It will start to change soon, but before it was VERY rare if anyone on XC had a full scholarship, most would be small partial ones and hope to find some academic help as well. In XC it was well known that you wanted to be fast and smart if you wanted any money for college. Now some schools would use their assets on distance and that would be their chance at conference or their calling card. Schools like Northern Arizona, Tulsa, BYU, etc. There were some for sure. But those schools would never have any strength in the speed disciplines. You basically had to pick a lane.
Tennis, golf, even baseball and softball were the same when it came to mostly partial scholarships if anything. Way more walk ons than you would think.
With the changes, teams with money and funding can now have full scholarships for anyone on the roster.

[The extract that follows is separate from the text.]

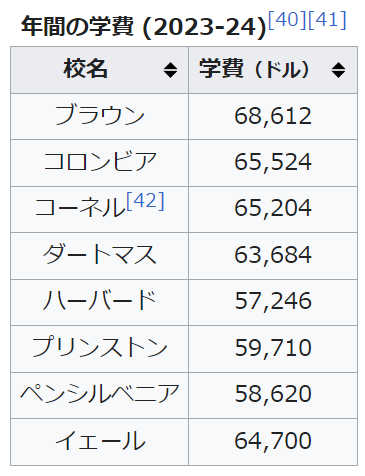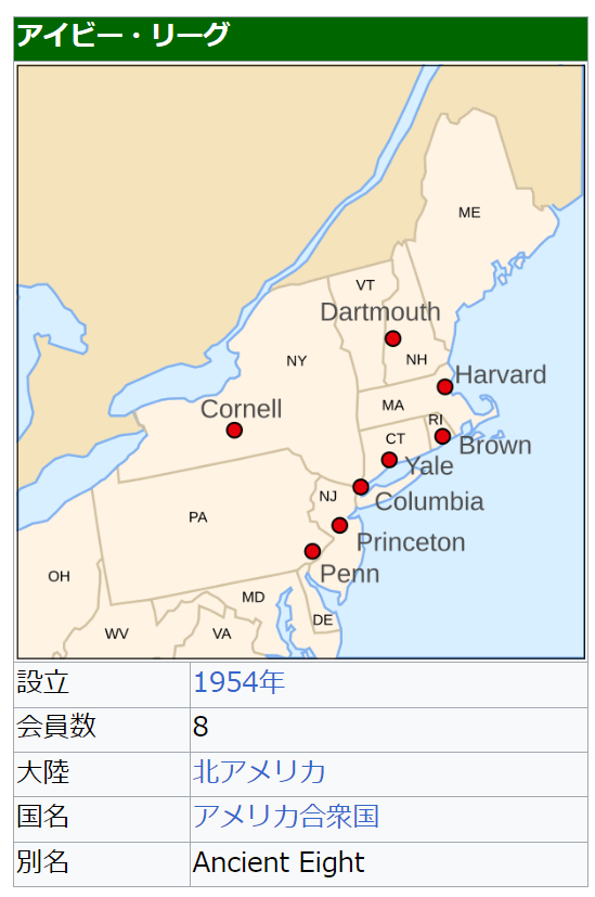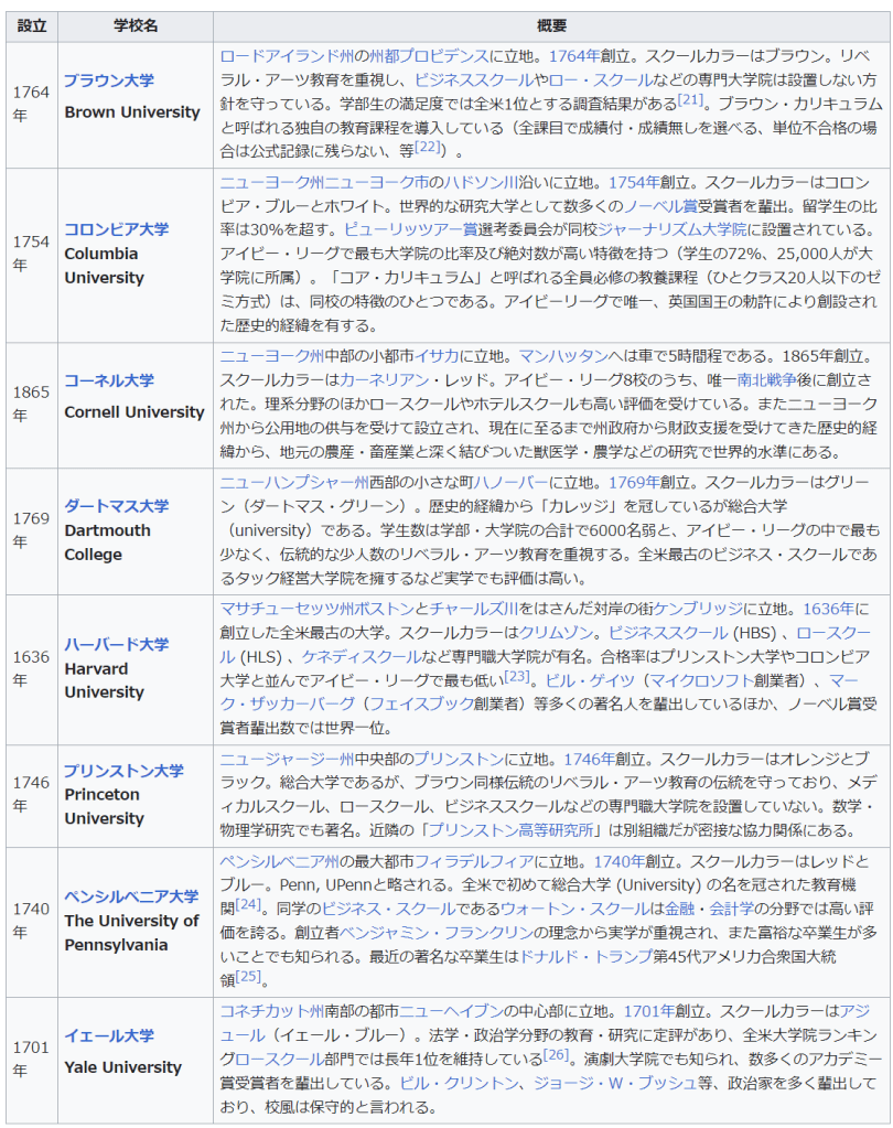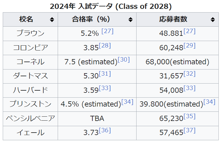 脚注 [脚注の使い方] 注釈 ^ 但し、本文記事中で詳細を説明している通り、スポーツ競技連盟として、その母体は戦前からあったものの正式にアイビーリーグが成立したのは戦後(1945年)のことである。ちなみに東京六大学野球連盟の成立とともに東京六大学の概念が誕生したのは1926年になる。 出典 ^ a b c d e “Ivy League.” Encyclopedia of African American Society, edited by Gerald D. Jaynes, Sage Publications, 1st edition, 2005.; Hansen, Jan B., and Hansen. “Ivy League Colleges.” Encyclopedia of Giftedness, Creativity, and Talent, edited by Barbara Kerr, Sage Publications, 1st edition, 2009. ^ a b c d e f g h アキ・ロバーツ、竹内洋『アメリカの大学の裏側』朝日新書, 2017. ^ a b U.S. Department of Education, “Rethinking Higher Education,” Dec. 2018 ; “The current state of U.S. higher education, top to bottom” (academics.com) ^ a b c d e f g h i “Do Ivy League or Elite Educated CEOs Outperform Others?” In Ideas for Leaders Collection, edited by Roddy Millar. IEDP Ideas for Leaders Ltd, 2016. ; “Ivy League.” In Brewer’s Dictionary of Modern Phrase and Fable, edited by Adrian Room, and Ebenezer Cobham Brewer. 2nd ed. Cassell, 2009. ^ List of Presidents of the United States by educationも参照 ^ “Ivy League.” Britannica Concise Encyclopedia, Encyclopaedia Britannica, Britannica Digital Learning, 2017. ^ a b Hoeveler, J. David. “Colleges and Universities.” The Bloomsbury Encyclopedia of the American Enlightenment, edited by Mark Spencer, Bloomsbury, 1st edition, 2014.; “Association of American Universities (AAU).” Greenwood Dictionary of Education, edited by John W. Collins, and Nancy Patricia O’Brien, Greenwood, 2nd edition, 2011. ^ Abbas, Andrea, and Abbas. “Higher Education.” Encyclopedia of Consumer Culture, Dale Southerton, Sage Publications, 1st edition, 2011. ; Chambers, Laura. “Higher Education.” Encyclopedia of Race, Ethnicity, and Society, Richard T. Schaefer, Sage Publications, 1st edition, 2008. ^ https://www.theguardian.com/world/2002/jul/27/highereducation.internationaleducationnews ^ Picchi, Aimee (2023年3月29日). “Ivy League tuition and costs are close to $90,000 per year: “Prices just keep going up” – CBS News” (英語). http://www.cbsnews.com. 2024年5月16日閲覧。 ^ “Ivy League College Costs Soar to More Than $90,000 a Year”. Bloomberg. 2024年5月16日閲覧。 ^ “IVY LEAGUE”. Athletesin Action in the Ivy League date=October 17, 2017. 2017年12月30日閲覧。 ^ “Ivy League.” In Brewer’s Dictionary of Modern Phrase and Fable, edited by Adrian Room, and Ebenezer Cobham Brewer. 2nd ed. Cassell, 2009. ^ “What are the Ivy Plus colleges?” (英語). The Ivy Institute. 2024年5月22日閲覧。 ^ Shemmassian, Dr (2023年11月8日). “What is a Public Ivy?” (英語). Shemmassian Academic Consulting. 2024年5月22日閲覧。 ^ “Little Ivies: The 12 Best Liberal Arts Schools New England” (英語). https://www.collegeconfidential.com. 2024年5月22日閲覧。 ^ “What Are Hidden Ivies? – Crimson Education JA”. http://www.crimsoneducation.org. 2024年5月22日閲覧。 ^ a b c Hansen, Jan B.. “Ivy League Colleges”. Encyclopedia of Giftedness, Creativity, and Talent (2455 Teller Road, Thousand Oaks California 91320 United States: SAGE Publications, Inc.). ISBN 9781412949712. ^ 1942-, Goldstein, Richard, (1996). Ivy League autumns : an illustrated history of college football’s grand old rivalries. St. Martin’s Press. ISBN 0312146299. OCLC 34651607 ^ a b “Archived: Women’s Colleges in the United States: History, Issues, and Challenges”. Ed.gov. 2011年7月21日時点のオリジナルよりアーカイブ。2011年1月30日閲覧。 ^ “Brown University”. 2016年4月17日閲覧。 ^ https://www.brown.edu/academics/college/degree/curriculum ^ Peter Jacobs (31 3月 2015). “Ivy League acceptance Class of 2019 – Business Insider”. Business Insider. 2016年4月17日閲覧。 ^ “アーカイブされたコピー”. 2006年7月11日時点のオリジナルよりアーカイブ。2016年12月12日閲覧。 ^ http://www.businessinsider.com/trump-is-the-first-upenn-wharton-graduate-to-become-president-2016-11 ^ “Best Law School Rankings – Law Program Rankings – US News”. 2016年4月17日閲覧。 ^ a b “Brown admits 5.2% of applicants to class of 2028, third-lowest acceptance rate in history” (英語). The Brown Daily Herald. 2024年5月20日閲覧。 ^ “Columbia Admits 3.85% Of Applicants To The Class of 2028 – Crimson Education JP” (英語). http://www.crimsoneducation.org. 2024年5月20日閲覧。 ^ “Columbia Announces Class of 2028 Admissions Decisions | Columbia Undergraduate Admissions”. undergrad.admissions.columbia.edu. 2024年5月20日閲覧。 ^ “Cornell University Acceptance Rate for Class of 2028 – Crimson Education JP” (英語). http://www.crimsoneducation.org. 2024年5月20日閲覧。 ^ “Class of 2028 Draws Record Number of Applicants | Dartmouth” (英語). home.dartmouth.edu (2024年3月29日). 2024年5月20日閲覧。 ^ “Class of 2028 Draws Record Number of Applicants | Dartmouth” (英語). home.dartmouth.edu (2024年3月29日). 2024年5月21日閲覧。 ^ a b “Harvard Accepts 3.59% of Applicants to Class of 2028 | News | The Harvard Crimson”. http://www.thecrimson.com. 2024年5月20日閲覧。 ^ a b “Princeton Withholds Admissions Stats For Class Of 2028 – Crimson Education JP” (英語). http://www.crimsoneducation.org. 2024年5月20日閲覧。 ^ Stone, Dr Elizabeth Doe (2024年4月5日). “Penn’s Record-Breaking Admissions Cycle” (英語). Top Tier Admissions. 2024年5月22日閲覧。 ^ Rim, Christopher. “Why Top Students Are Getting Rejected From The Ivy League” (英語). Forbes. 2024年5月20日閲覧。 ^ “Yale College admits 2,146 applicants from record applicant pool

Of course, with the new roster limits in track, there will still have to be decisions made on if you want to use them on speed or distance, but there are also full XC scholarships available if a school wants to use them and try to win at distance only. Texas is not fully funding all of the new scholarships yet, no one is, but over time they expect to. This is why I say we can become more competitive if we want. But it will also take spending big money overseas as well. Schools like TTU are bringing over 27 year old, Olympic age "freshman" to compete in distance. It is not illegal, even though I disagree with anyone over 25 competing in college sports, but that is what it is going to take. You will need a roster with some international athletes to compete in distance.
The hard part about distance recruiting is you can go get the best runner in America as a high school senior and they may not pan out. Distance running is weird about that. It takes years to truly develop and you have to be running all year long, some well over 100 miles a week in season, which can cause injury. It is just a very tough sport to be consistently good at.